There was much more infrastructure news at Dell EMC World2017. I’ll discuss more details on their new storage offerings in my upcoming Storage Intelligence newsletter, due out the end of this month. If your interested in receiving your own copy of my newsletter, checkout the signup button in the upper right of this page.

Comments?

[Edits were made for readability and technical accuracy after this post was published. Ed]

There’s a new cluster filesystem on the block, Elastifile

At SFD12 last month we talked with the team from Elastifile. They are a new startup out of Israel working on a better cluster file system.

Elastifile was designed to support 1000s of nodes, 100,000 of users/client and 1000s of data containers (file systems/mount points), together with an infinite (64 bit) number of files and directories and up to Exabytes (10**18) in capacity. They also offer a 100% SSD file store capability. I encourage you to view the videos of their presentations at SFD12 to learn more.

Elastifile features

Elastifile supports data compression and optionally deduplication with NAND/Flash (e. g., low-/high-endurance) storage tiering, cloud storage tiering and multi-site storage. They also provide NFSv3/v4, SMB, AWS S3 and HDFS as native access protocols for their file storage.

They also offer non-disruptive hardware/software upgrades, n-way (2- or 3-way) data and metadata redundancy, self-healing capabilities, snapshots, and synchronous/asynchronous data replication or mirroring. Further, they provide multi-tenancy and QoS support.

Elastifile can be used in hyper converged mode as well as a dedicated storage server mode. For backend storage, they support heterogeneous, physical (block, I think?) storage systems as well as direct access storage in cluster nodes

Internals matter

Elastifile’s architecture supports accessor, owner and data nodes. But these can all be colocated on the same server or segregated across different servers.
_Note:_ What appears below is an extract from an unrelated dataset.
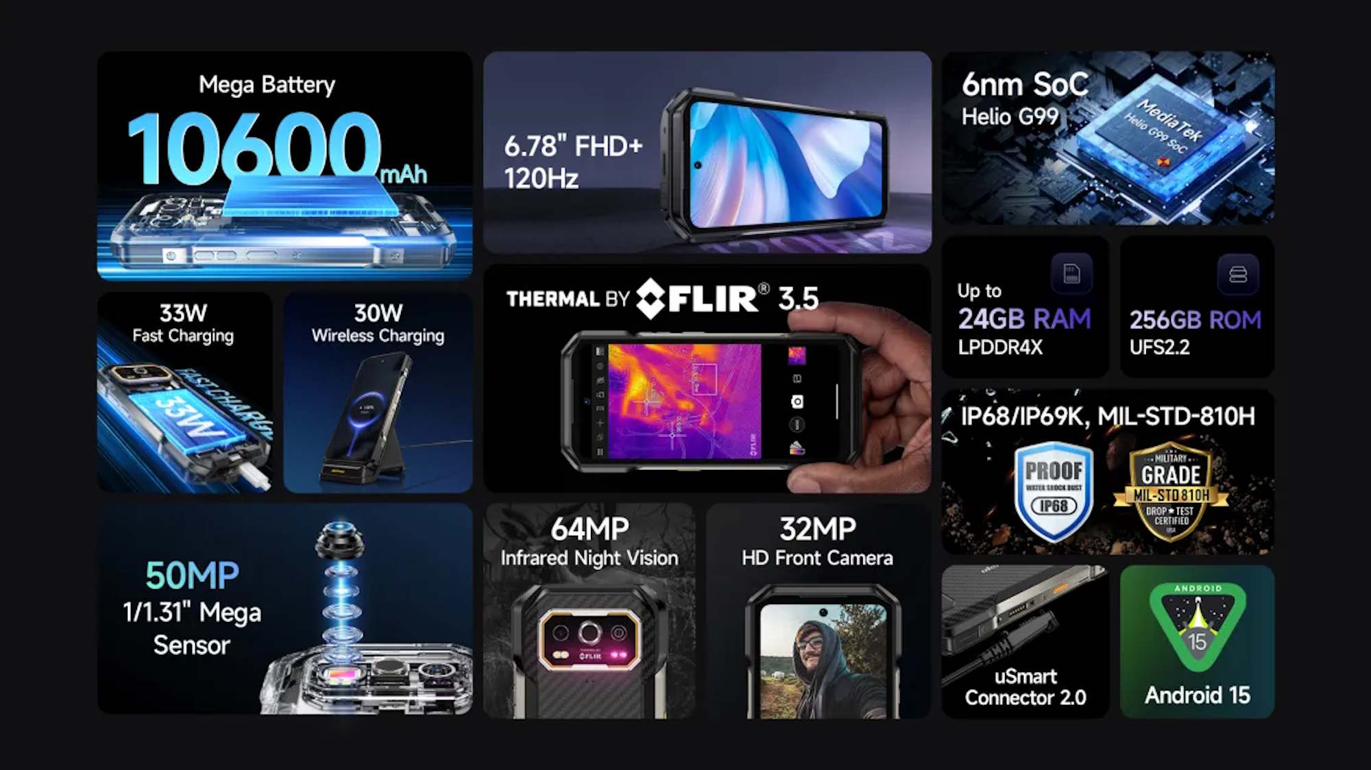 Ulefone maakt verder reclame voor FLIR-technologie versie 3.5 in plaats van 2.5. Dit is een camerasysteem voor het vastleggen van warmtebeelden met een resolutie van 80 x 60 pixels. Volgens de fabrikant kan deze camera temperatuurverschillen tot 50 millikelvin onderscheiden. Hoe dan ook, de metingen kunnen ongeveer 3°C afwijken, dus gebruikers moeten zich bewust zijn van de beperkingen van contactloze temperatuurmeting. Beide smartphones zijn ook uitgerust met een 50MP hoofdcamera en een nachtzichtcamera.
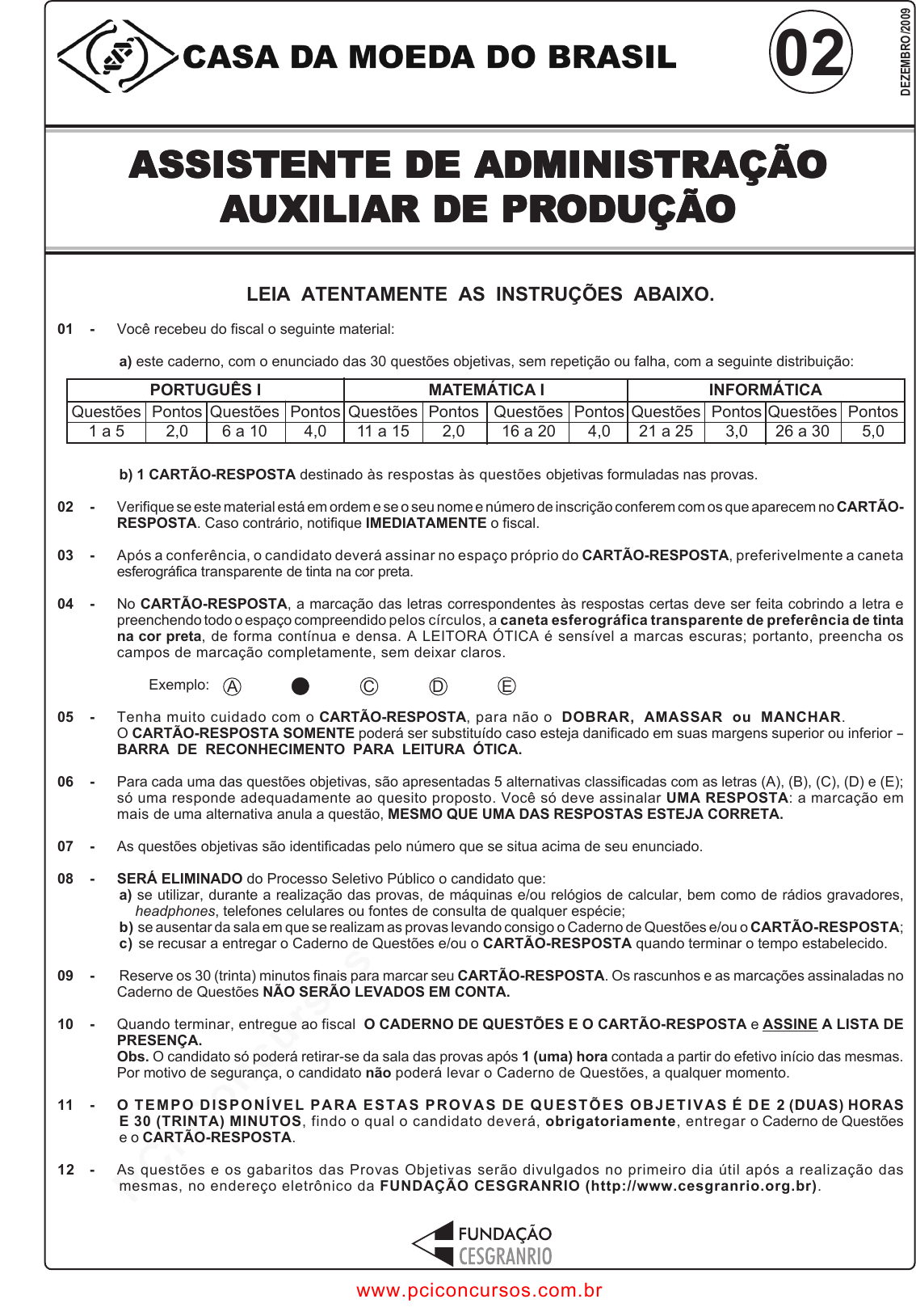 pcimarkpci MDAwMDowMDAwOjAwMDA6MDAwMDowMDAwOmZmZmY6MmQ4YzpjMGE1:U2F0LCAyOCBKdW4gMjAyNSAwOTo0ODowMCAtMDMwMA== www.pciconcursos.com.br LEIA ATENTAMENTE AS INSTRUÇÕES ABAIXO. 01 - Você recebeu do fiscal o seguinte material: a) este caderno, com o enunciado das 30 questões objetivas, sem repetição ou falha, com a seguinte distribuição: b) 1 CARTÃO-RESPOSTA destinado às respostas às questões objetivas formuladas nas provas. 02 - Verifique se este material está em ordem e se o seu nome e número de inscrição conferem com os que aparecem no CARTÃO- RESPOSTA. Caso contrário, notifique IMEDIATAMENTE o fiscal. 03 - Após a conferência, o candidato deverá assinar no espaço próprio do CARTÃO-RESPOSTA, preferivelmente a caneta esferográfica transparente de tinta na cor preta. 04 - No CARTÃO-RESPOSTA, a marcação das letras correspondentes às respostas certas deve ser feita cobrindo a letra e preenchendo todo o espaço compreendido pelos círculos, a caneta esferográfica transparente de preferência de tinta na cor preta, de forma contínua e densa. A LEITORA ÓTICA é sensível a marcas escuras; portanto, preencha os campos de marcação completamente, sem deixar claros. Exemplo: A C D E 05 - Tenha muito cuidado com o CARTÃO-RESPOSTA, para não o DOBRAR, AMASSAR ou MANCHAR. O CARTÃO-RESPOSTA SOMENTE poderá ser substituído caso esteja danificado em suas margens superior ou inferior - BARRA DE RECONHECIMENTO PARA LEITURA ÓTICA. 06 - Para cada uma das questões objetivas, são apresentadas 5 alternativas classificadas com as letras (A), (B), (C), (D) e (E); só uma responde adequadamente ao quesito proposto. Você só deve assinalar UMA RESPOSTA: a marcação em mais de uma alternativa anula a questão, MESMO QUE UMA DAS RESPOSTAS ESTEJA CORRETA. 07 - As questões objetivas são identificadas pelo número que se situa acima de seu enunciado. 08 - SERÁ ELIMINADO do Processo Seletivo Público o candidato que: a) se utilizar, durante a realização das provas, de máquinas e/ou relógios de calcular, bem como de rádios gravadores, headphones, telefones celulares ou fontes de consulta de qualquer espécie; b) se ausentar da sala em que se realizam as provas levando consigo o Caderno de Questões e/ou o CARTÃO-RESPOSTA; c) se recusar a entregar o Caderno de Questões e/ou o CARTÃO-RESPOSTA quando terminar o tempo estabelecido. 09 - Reserve os 30 (trinta) minutos finais para marcar seu CARTÃO-RESPOSTA. Os rascunhos e as marcações assinaladas no Caderno de Questões NÃO SERÃO LEVADOS EM CONTA. 10 - Quando terminar, entregue ao fiscal O CADERNO DE QUESTÕES E O CARTÃO-RESPOSTA e ASSINE A LISTA DE PRESENÇA. Obs. O candidato só poderá retirar-se da sala das provas após 1 (uma) hora contada a partir do efetivo início das mesmas. Por motivo de segurança, o candidato não poderá levar o Caderno de Questões, a qualquer momento. 11 - O TEMPO DISPONÍVEL PARA ESTAS PROVAS DE QUESTÕES OBJETIVAS É DE 2 (DUAS) HORAS E 30 (TRINTA) MINUTOS, findo o qual o candidato deverá, obrigatoriamente, entregar o Caderno de Questões e o CARTÃO-RESPOSTA. 12 - As questões e os gabaritos das Provas Objetivas serão divulgados no primeiro dia útil após a realização das mesmas, no endereço eletrônico da FUNDAÇÃO CESGRANRIO (http://www.cesgranrio.org.br). ASSISTENTE DE ADMINISTRAÇÃOASSISTENTE DE ADMINISTRAÇÃOASSISTENTE DE ADMINISTRAÇÃOASSISTENTE DE ADMINISTRAÇÃOASSISTENTE DE ADMINISTRAÇÃO AAAAAUXILIAR DE PRUXILIAR DE PRUXILIAR DE PRUXILIAR DE PRUXILIAR DE PRODUÇÃOODUÇÃOODUÇÃOODUÇÃOODUÇÃO DE ZE MB RO / 2 00 9 02 PORTUGUÊS I MATEMÁTICA I Questões 1 a 5 Pontos 2,0 Questões 6 a 10 Pontos 4,0 Questões 11 a 15 Pontos 2,0 Questões 16 a 20 Pontos 4,0 Questões 21 a 25 Pontos 3,0 Questões 26 a 30 Pontos 5,0 INFORMÁTICA www.pciconcursos.com.br pcimarkpci MDAwMDowMDAwOjAwMDA6MDAwMDowMDAwOmZmZmY6MmQ4YzpjMGE1:U2F0LCAyOCBKdW4gMjAyNSAwOTo0ODowMCAtMDMwMA== www.pciconcursos.com.br ASSISTENTE DE ADMINISTRAÇÃO AUXILIAR DE PRODUÇÃO 2 www.pciconcursos.com.br pcimarkpci MDAwMDowMDAwOjAwMDA6MDAwMDowMDAwOmZmZmY6MmQ4YzpjMGE1:U2F0LCAyOCBKdW4gMjAyNSAwOTo0ODowMCAtMDMwMA== www.pciconcursos.com.br 3 ASSISTENTE DE ADMINISTRAÇÃO AUXILIAR DE PRODUÇÃO PORTUGUÊS I 10 5 15 20 25 30 35 40 45 Às vezes me perguntam o porquê dessa nossa quase obsessiva preocupação com açudes: açude encheu, açude está seco, açude sangrou. Mas é isso mesmo: no Nordeste, o açude é o núcleo, o coração da fazenda. Fazenda sem açude é um casco morto, sem gado, sem moradores, sem plantio. O açude é o símbolo da riqueza do fazendeiro – ou da sua ruína. O velho açude do Junco, por exemplo. Mas antes devo dizer o que é – ou o que foi – o Junco. Neste mundo tão grande, nunca houve pedaço de terra que tenha sido mais preso ao meu coração do que aquele trecho bravio do município de Quixadá. E engraçado é que não nasci lá. Contudo, decerto andava por lá antes de nascer (já contei essas coisas de outras vezes, mas, afinal, só tenho uma história). O Junco é, ou foi, uma fazenda à velha moda do Nordeste (embora hoje já muito alterada e dividida), com matas de caatinga subindo e descendo por cabeços cobertos de pedregulho, vastos campestres de capim- panasco, coroas férteis de riacho, lagoas que secam no verão (tudo, aliás, ali, seca no verão). Tudo seca, menos o açude. À direita da casa-grande – a casa velha – se estende o prato de água que, dantes, era a única fonte de vida dos homens, dos bichos e das plantas. (Hoje lá existe também um açude novo, maior e talvez mais bonito do que o velho.) Mas aquele, o ‘meu açude’, foi feito por mão de escravos. Fez-se a parede devagarinho, em anos. Antes aquilo era uma lagoa, alimentada por sete riachos, que só correm no inverno. Assim, aos poucos, o dono foi levantando uma barragem, procurando armazenar mais água; construía sem projeto no papel, meio ao acaso, que o lugar nem era próprio para açude: uma

Owner nodes, own all the metadata objects for a file or directory and caches the metadata working set in i’s memory. Ownership file or directory metadata may change in the case of hardware failures.

Elastifile supports a dynamic write data path, which means they determine, in real time, where to write file data rather than having the data locations identified before hand. They call this distributed write anywhere semantics.

Notably they don’t do data caching (with NVMe it doesn’t make sense) however, as noted above, they do use metadata caching

Internally, Elastifile uses variable length objects for both file data and metadata.

  • File data is composed of three object types: a file metadata (FileMD) object, mapping data objects, and file data objects. FileMD’s hold the normal file metadata (name, file size, create, access & modify ToDs, etc.) as well as pointing to all the Mapping Object (OIDs). Mapping objects exist for each 0.5MB of file data and consist of a 128 element table, each element mapping 4KB of file address space to a data object (OID). Each  data object holds the 4KB of compressed file data and journal log entries.
  • Director metadata is composed of directory metadata (DirMD) object and Directory listing objects. Directory listing objects maps file/directory names to FileMD or DirMD OIDs. Directory listing objects are accessed via an extensible hash table and contain a list of filenames/directory names within the directory

The Elastifile software architecture consists of three layers:

  • A protocol layer which terminates file system access protocols and translates requests into internal requests. The hashing and data compression of file data occur at this level.
  • A metadata layer which provides file system/directory name mapping to objects for owned files/directories and maintains file/directory metadata updates/journals/checkpoints.
  • A data layer which provides transaction consistency and a n-way redundant persistent data storage for (file or metadata) objects.

Metadata operations are persisted via journaled transactions and which are distributed across the cluster. For instance the journal entries for a mapping data object updates are written to the same file data object (OID) as the actual file data, the 4KB compressed data object.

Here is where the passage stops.